Creature and environmental concerns continue to engage me, as does the blurring of boundaries. My thoughts are currently meandering around concepts of confinement, caged animals/humans, factory farming, obstruction, barriers, walls within walls.. and I'm sure there will be an element of the tentacular.
Other news:
I received the official results of my Masters in Fine Art this week and delighted to have passed with distinction!

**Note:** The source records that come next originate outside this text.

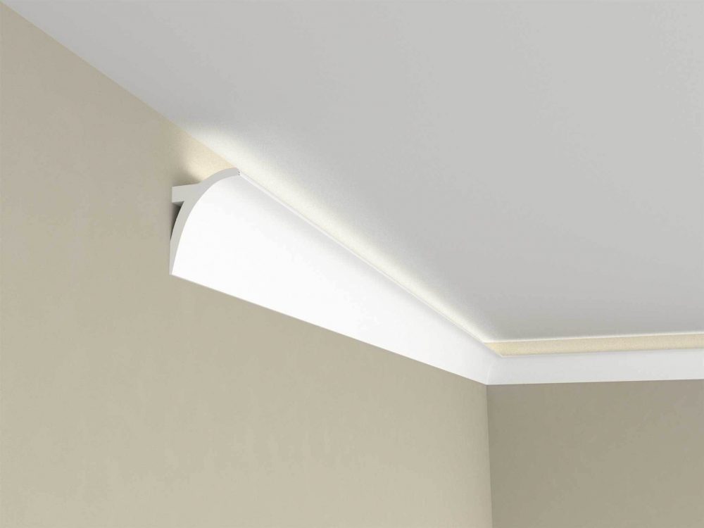 При необходимости изменить пропорции помещения, например, визуально увеличить потолок, лучше выбрать варианты белых потолочных плинтусов. Если к ним добавить светодиодную подсветку – это будет идеальный вариант.
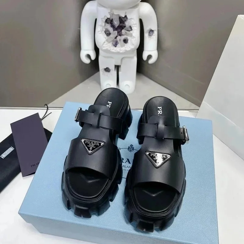 Prada's new thick-soled Roman woven European and American style height-enhancing sandals and slippers(40 styles)-2339
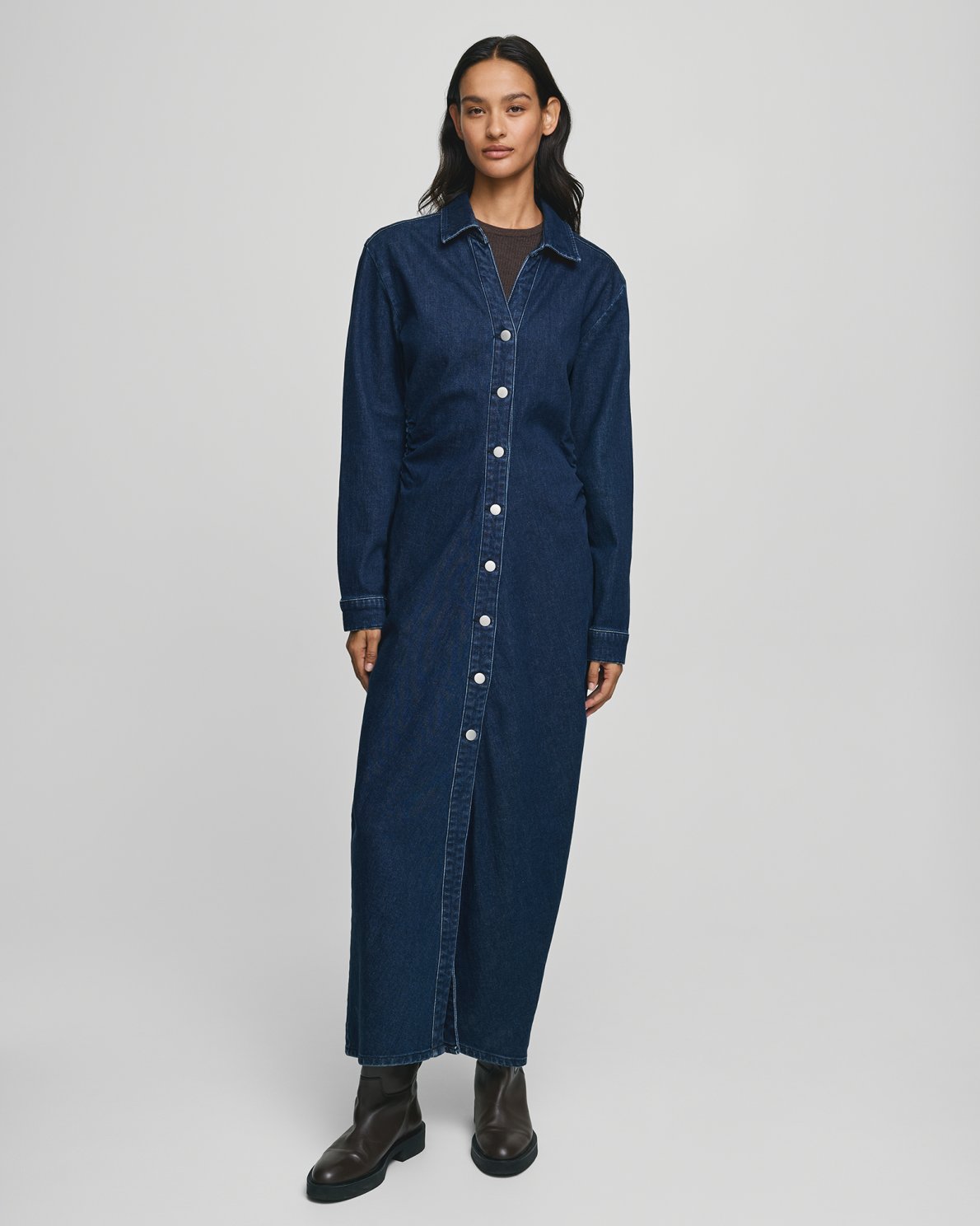 The MSCH Mow Shirt Dress is a long denim dress featuring a classic shirt collar and full button-down front. Its long silhouette combined with defined stitching creates a timeless and clean look, making it suitable for both casual days and dressier occasions. Style it with sneakers for a laid-back vibe or pair it with boots and accessories for a more sophisticated outfit.
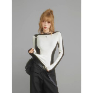 白色長袖針織衫女秋冬冬季設計感小眾修身緊身毛衣內搭打底衫上衣
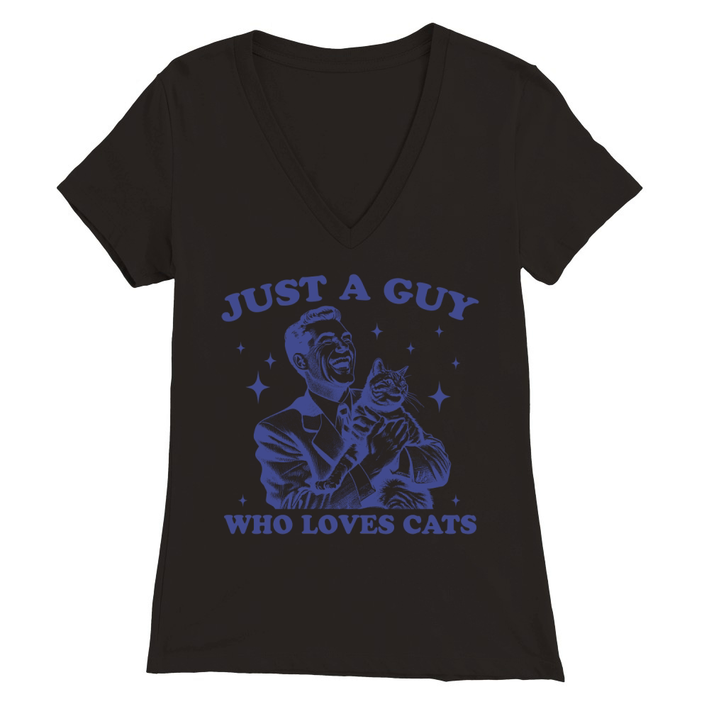 Shop Just A Guy Who Loves Cats L vBlue Premium Womens V-Neck T-shirt custom made just for you. Available on many styles, sizes, and colors.
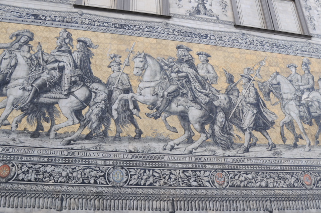 ドレスデン城の君主の行列は、マイセンで焼かれたタイルでできているが、よく戦災からのがれたものだと思う。
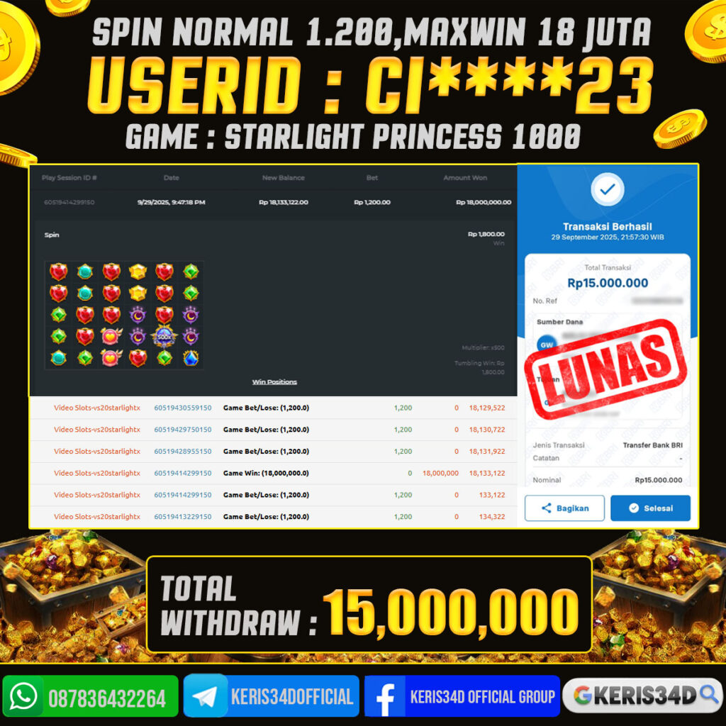 JACKPOT SLOT GACOR STARLIGHT PRINCESS 1000 19 SEPTEMBER 2025, Jackpot Slot Gacor, Kemenangan Slot, Bukti Kemenangan Slot, Kemenangan PRAGMATIC PLAY, Menang Slot online, Slot Gacor, Situs Aman Terpercaya, WD Berapapun Pasti DI Bayar Tuntas, Maxwin Slot Online.
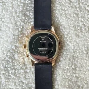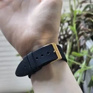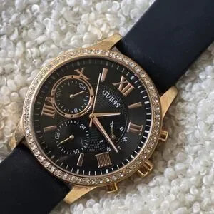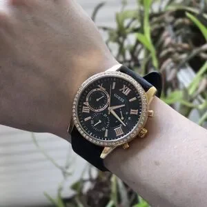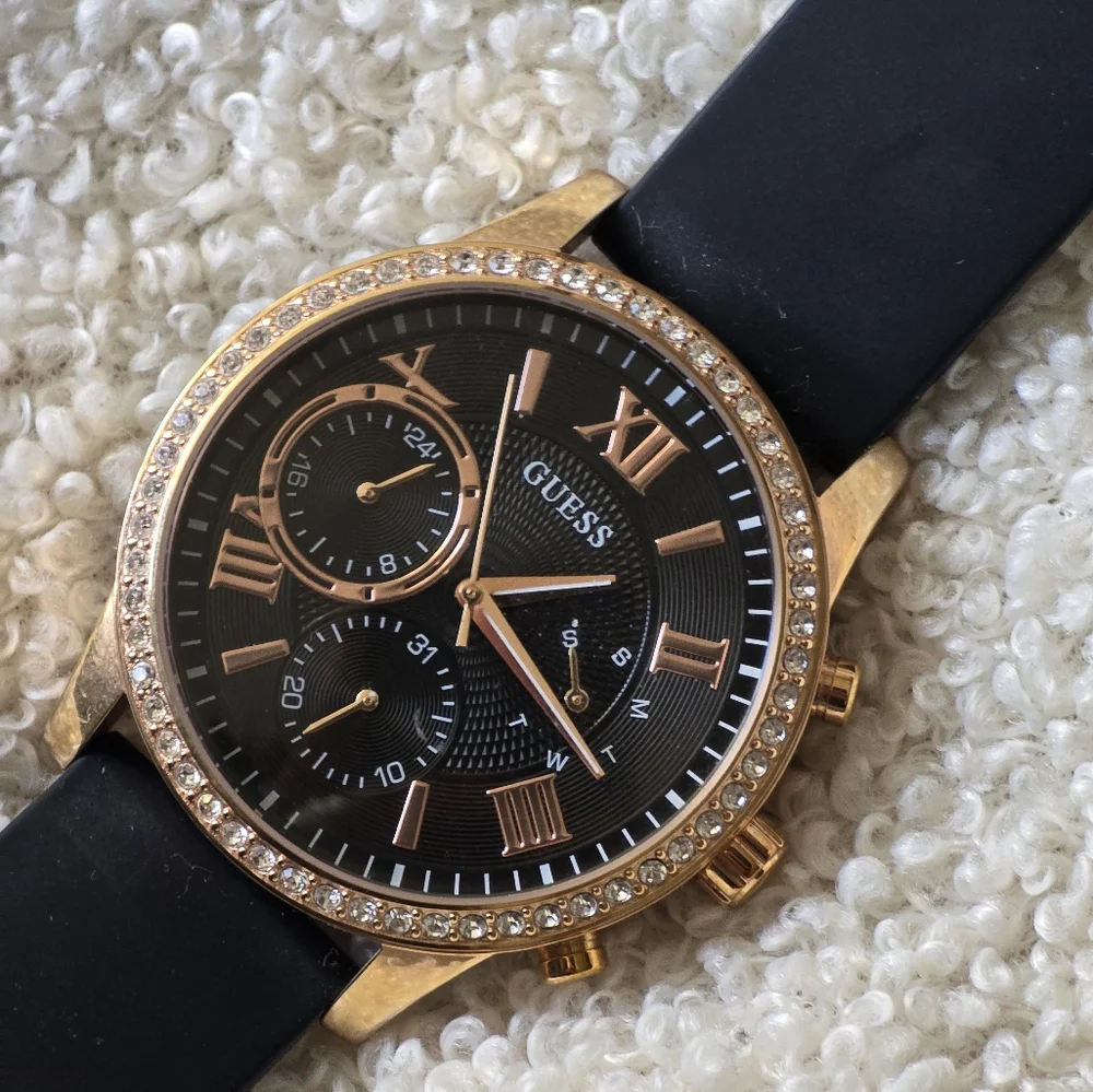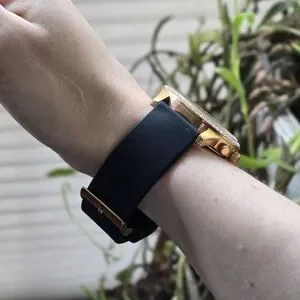 rose gold and diamond accents with black silicone adjustable wrist strap
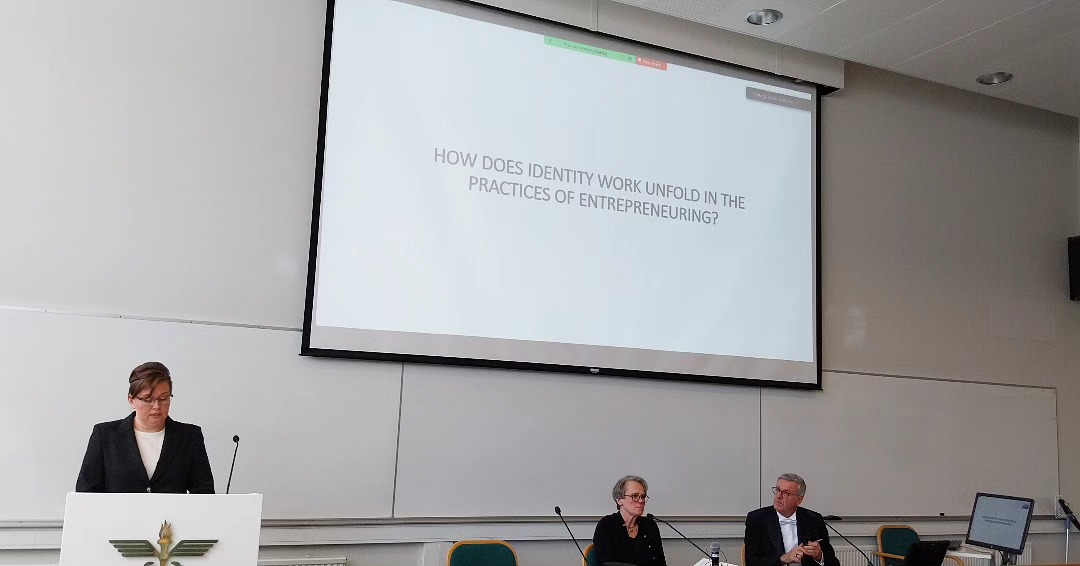 Anna Elkina defended her doctoral dissertation in Entrepreneurship entitled ”Unfolding identity work during an entrepreneurial journey. An autoethnographic study” at the University of Turku on 12.04.2024. Anna’s thesis was supervised by Professor Jarna Heinonen, who acted also as a Custos, and Professor Ulla Hytti. Anna was honoured to have Professor Chris Steyaert (University of St. Gallen, Switzerland) and Professor Kim Poldner (The Hague University of Applied Sciences and University of Groningen, the Netherlands) as the pre-examiners of the thesis. Professor Steyaert acted also as an opponent in the deference.
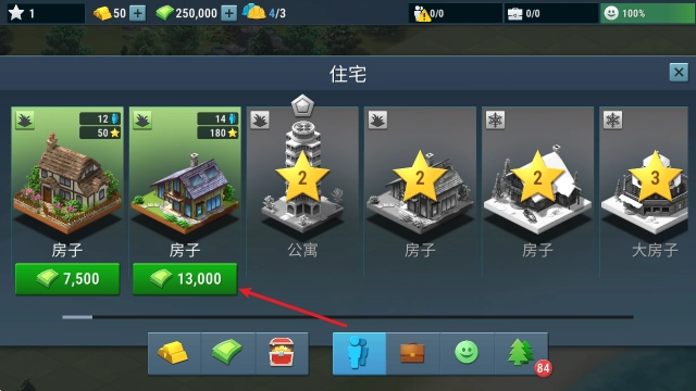1. 游戏开始后,点击左下角的购物篮,在该界面找到建筑并开始建设。
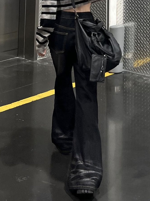2000s Black Boyfriend Flare Jeans with Faded Effect
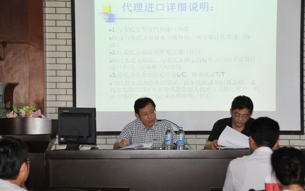 此次培训由上海市乾锦昊进出口有限公司担任主讲。杨老师系统介绍了代理进口业务的流程,重点介绍了包括CIF\CIP\FOD等在内的贸易业务术语定义和使用范围,以及付款方式中电汇T/T和信用证L/C的定义、使用范围和操作风险。王总经理对流程的各个环节做了详尽的说明,包括国外供应商资质的鉴定和产品的选择、价格核算、验货报告、不能免税的进口商品名录、交货注意事项、设备验收和索赔程序等。鉴于公司与学校多年的合作与了解,王总穿插了学校购买高压灭菌锅等实验器材的实际案例并进行了分析。报告言语生动,精彩纷呈。
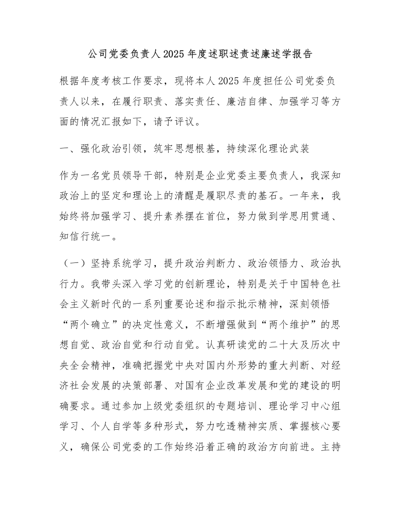 首页报告总结述职述廉公司党委负责人2025年度述职述责述廉述学报告
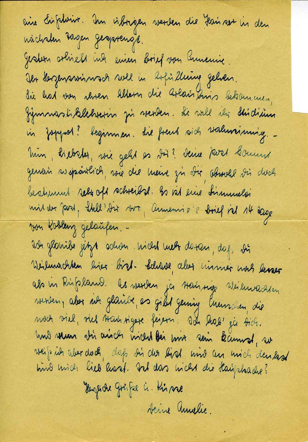 Ich glaube jetzt schon nicht mehr daran, daß Du Weihnachten hier bist. Schade, aber immer noch besser als in Rußland. Es werden ja traurige Weihnachten werden, aber ich glaube, es gibt genug Menschen, die noch viel, viel traurigere feiern. Ich hab’ ja Dich. Und wenn Du auch nicht bei mir sein kannst, so weiß ich aber doch, daß Du da bist und an mich denkst und mich lieb hast. Ist das nicht die Hauptsache?
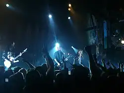 In Flames is a Swedish heavy metal band from Gothenburg, formed in 1990. They are considered one of the pioneering acts of the Gothenburg metal scene, which also includes bands such as At the Gates and Dark Tranquillity. Their lineup has changed several times, with vocalist Anders Fridén and lead guitarist Björn Gelotte being the only consistent members since 1995.[1] Since the departure of Strömblad in 2010, no original members remain with the band. The band has sold over two million records worldwide.[2]
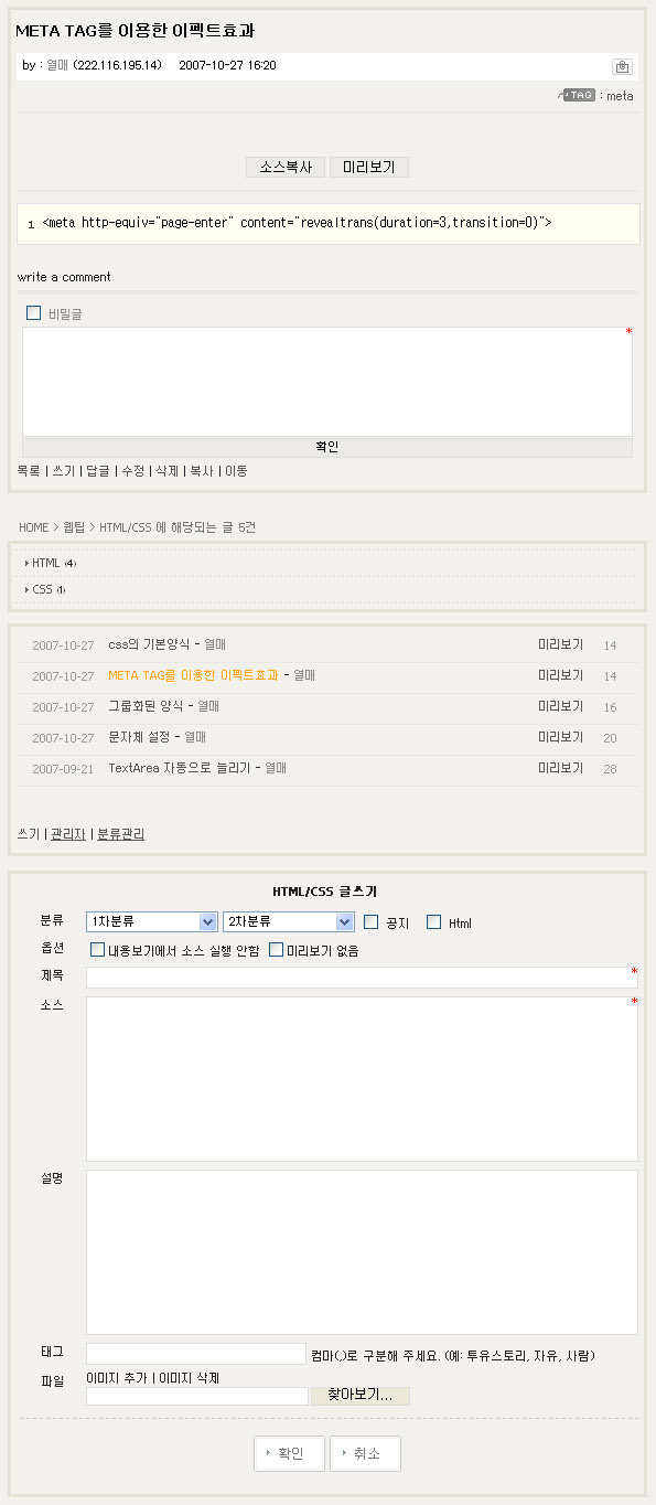 게시판 [오류수정] 소스게시판 (html, java ) div 태그로 작성관련링크
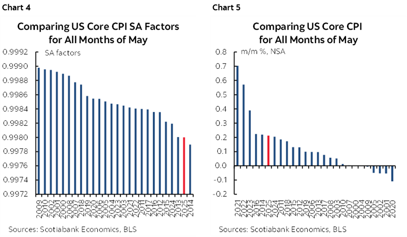 Now back to the reliability issue. The first reason why we should be careful is that seasonal adjustment factors drove the core CPI undershoot and I hadn’t expected that this time. The SA factors for May are normally more spread out than for some other months, but this time, the SA factors for 2025 and 2024 are among the lowest in history compared to like months of May (chart 4). This distorted the fact that in m/m NSA terms, the rise of core CPI really wasn’t at all out of the ordinary for a month of May (chart 5).
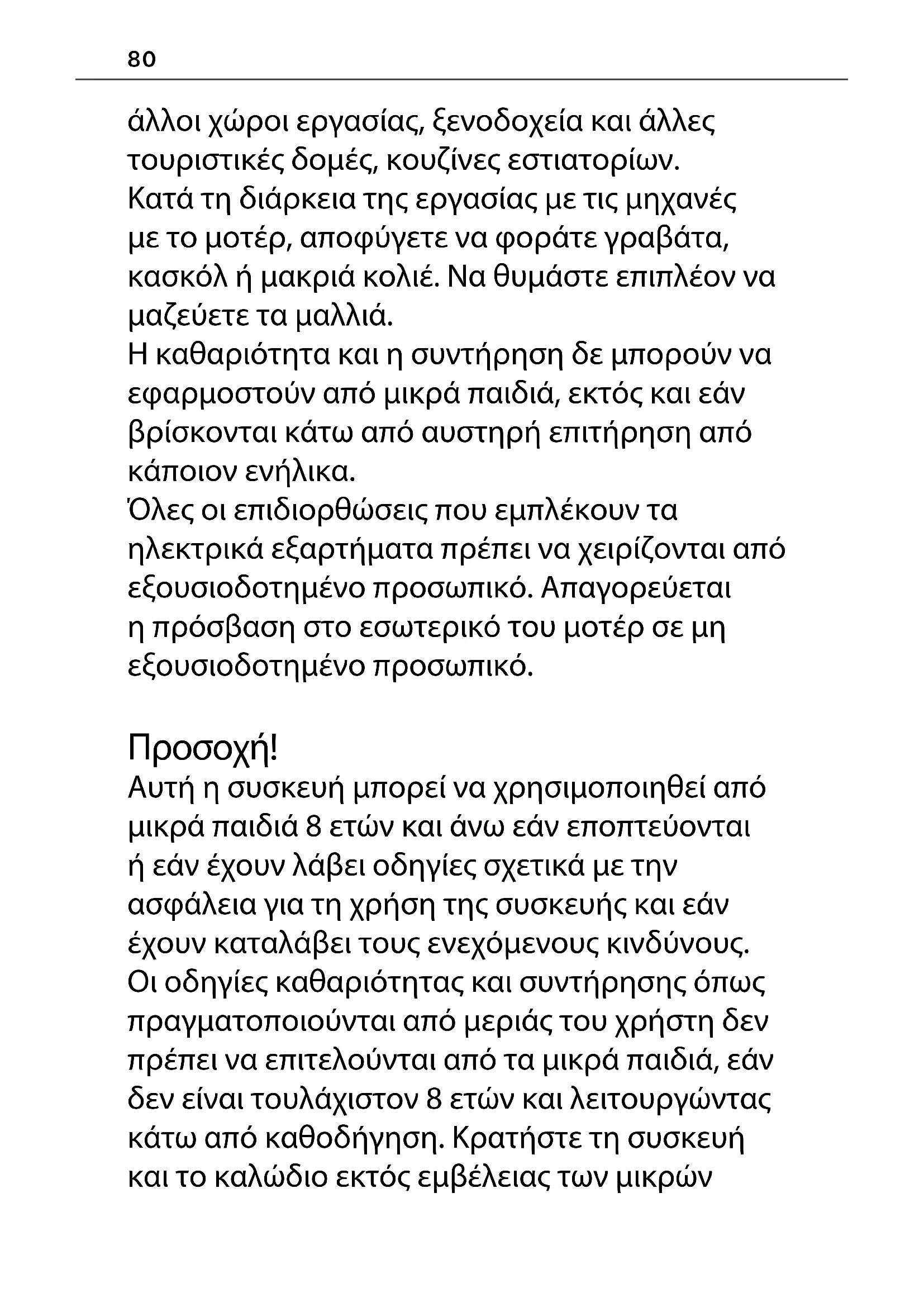 Έχει μελετηθεί η χρήση του προϊόντος σε οικιακό περιβάλλον ή στο εσωτερικό χώρων εργασίας, όπως: Χώροι κουζίνας σε μαγαζιά, γραφεία και80 άλλοι χώροι εργασίας, ξενοδοχεία και άλλες τουριστικές δομές, κουζίνες εστιατορίων. Κατά τη διάρκεια της εργασίας με τις μηχανές με το μοτέρ, αποφύγετε να φοράτε γραβάτα, κασκόλ ή μακριά κολιέ. Να θυμάστε επιπλέον να μαζεύετε τα μαλλιά. Η καθαριότητα και η συντήρηση δε μπορούν να εφαρμοστούν από μικρά παιδιά, εκτός και εάν βρίσκονται κάτω από αυστηρή επιτήρηση από κάποιον ενήλικα. Όλες οι επιδιορθώσεις που εμπλέκουν τα ηλεκτρικά εξαρτήματα πρέπει να χειρίζονται από εξουσιοδοτημένο προσωπικό. Απαγορεύεται η πρόσβαση στο εσωτερικό του μοτέρ σε μη εξουσιοδοτημένο προσωπικό.
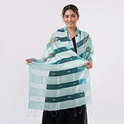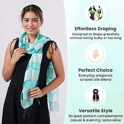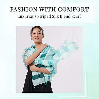 Bring a refreshing feel to your ensemble with the 30% Silk and Modal Printed Women's Scarf in Aqua. Made from a smooth silk and modal blend, it offers a soft, breathable texture that sits comfortably against the skin. The striped design introduces a vibrant yet elegant flair, while the fringed edges add a relaxed finish. Sized at 175 x 60 cm, it’s easy to style for both casual and dressier occasions. Perfect for pairing with light neutrals or denim, this scarf adds a breezy, polished touch to your look.

In between tidying up my studio so it's fit for purpose, I've started working on a 1 metre Great Crested Newt as a commission for Carymoor Environmental Centre in memory of Hamish Craig, whose amazing contribution to Carymoor was instigated by great crested newts found there.
Last week I ran my first workshop as part of the Holburne Museum education team. It was an A'Level life-drawing session linked to 'Rodin: rethinking the fragment'. It encouraged me to do some of my own life-drawing beforehand and prep on Rodin's link with the Pantheon sculptures, which all helped.
The class did some fabulous drawings:
Forthcoming exhibitions include: Residency and Solo Exhibiiton (title TBC), The Cells, Town Hall Arts, Trowbridge, April - May; Incendiary, Landsdown Gallery and SVA, Stroud, 4-10 February 2019; Marks Hall Sculpture, Essex, 20 July - 1 September 2019; Reformation, Bishops Palace, Wells, July - October 2019. More info to follow.